In 1954, Kelley joined forces with Fred C. Gollmar and his son, Robert H. Gollmar, and formed a not-for-profit corporation for the purpose of raising funds and organizing a museum of the circus. As first cousins to the Ringlings, and former circus owners, the Gollmar family knew the original buildings of the Ringling Circus were still standing and could form the keystone for the new museum.

In 1957 the group acquired the Ringling Camel House and the Ring Barn once used to train performing horses. Money continued to trickle in as did circus materials and artifacts. After five years of raising funds, Circus World was ready to open its doors to the public. At that time, the museum consisted of the two buildings, less than an acre of land, six circus parade wagons, some posters, costumes, props, and other relics from the bygone days of the circus.

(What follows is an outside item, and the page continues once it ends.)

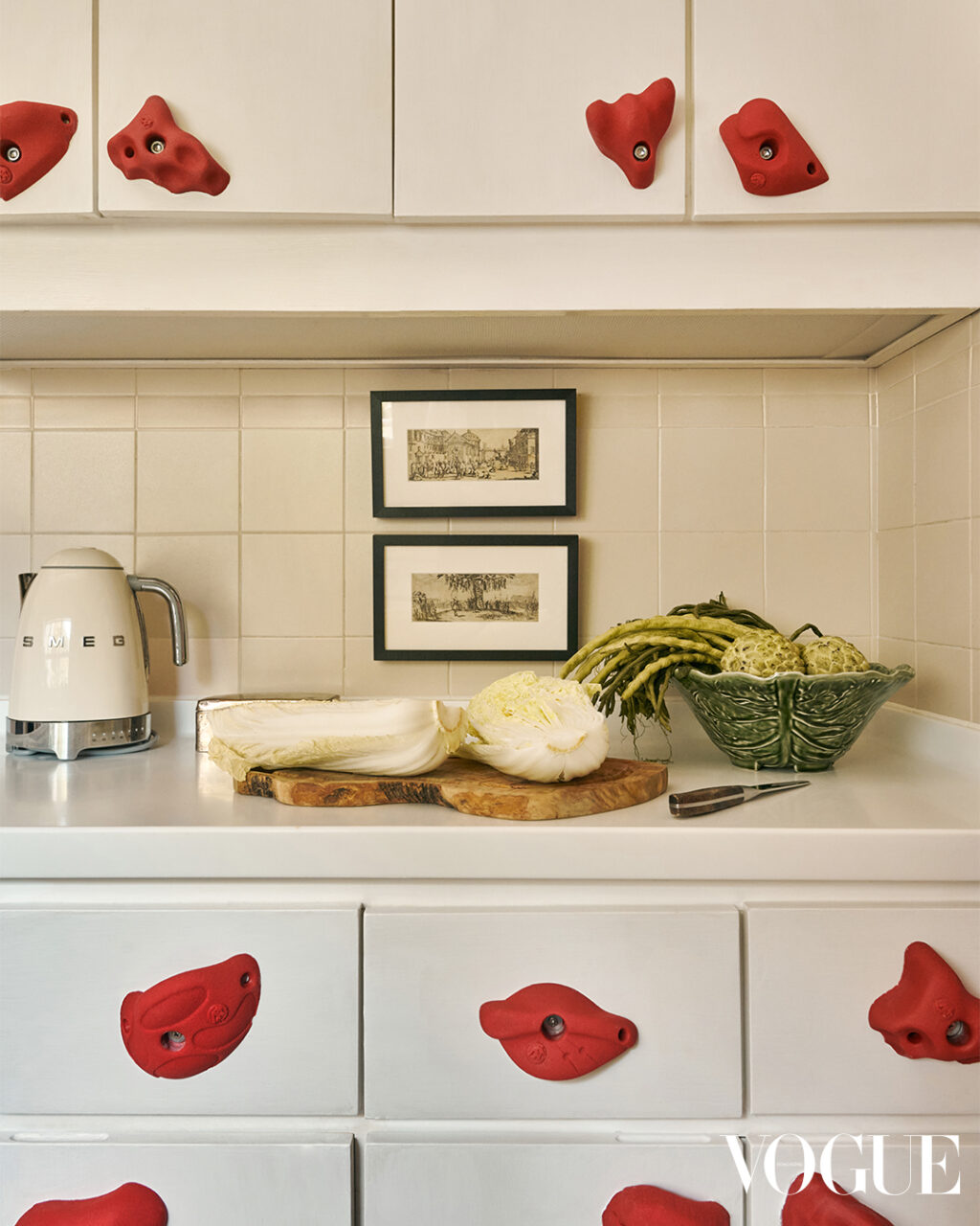 Playful details weave throughout the home, turning the mundane into moments of delight. In the kitchen, climbing holds serve as cupboard handles. “We put the hardest grip on the snack drawer—maybe Caspian will grow up to be a free climber, anything for that sugar rush,” Bridgland jokes.

On opening day, July 1, 1959, a giant parade was planned for Baraboo, with the whole community turning out to celebrate. The parade featured floats by civic groups, bands, antique cars, and an appearance by Hollywood star, Rhonda Fleming, who was promoting her latest film, The Big Circus. The parade wound through town, ending at the front door of the museum. Admission was 60 cents, and the proceeds from that first day allowed Circus World to retire its debt.

A view of the Trumpets of Paper exhibit, featuring original wood block and stone press lithography. The exhibit shows how the circus contributed to modern advertising. Photo courtesy of Circus World

Through the efforts of hard-working Circus World staff, land, structures, and numerous important circus collections and artifacts were added over the years. Circus World now encompasses approximately 64 acres of land with approximately 30 permanent structures. The collection of circus artifacts is the largest in the world and includes more than 210 original wagons and vehicles once used by American, English, and Irish circuses. The assemblage of graphically exciting, brightly colored circus posters exceeds 9,500, ranging in size from half-sheets to an 80-sheet Buffalo Bill Wild West poster measuring nine feet high and 70 feet long. Circus World supports the most significant library and research center devoted to circus in the world, with collection highlights including original fine art paintings, hand bills, heralds, programs, business records for various circuses, a wide range of performance artifacts, and an immense photography and glass plate negative collection.

From mid-May through Labor Day each year, Circus World offers ten different live shows and demonstrations featuring sensational circus artists from around the world. Visitors are also fascinated by the Vegas-style Theatre of Illusion show, presented by America’s premier magical entertainer, Tristan Crist. After Labor Day, Theatre of Illusion will continue to enthrall Circus World guests twice each day, seven days a week until late October. Fall and winter visitors will also discover multiple buildings with exhibits and artifacts, plus a giant screen circus cinema showcasing films on various circus subjects.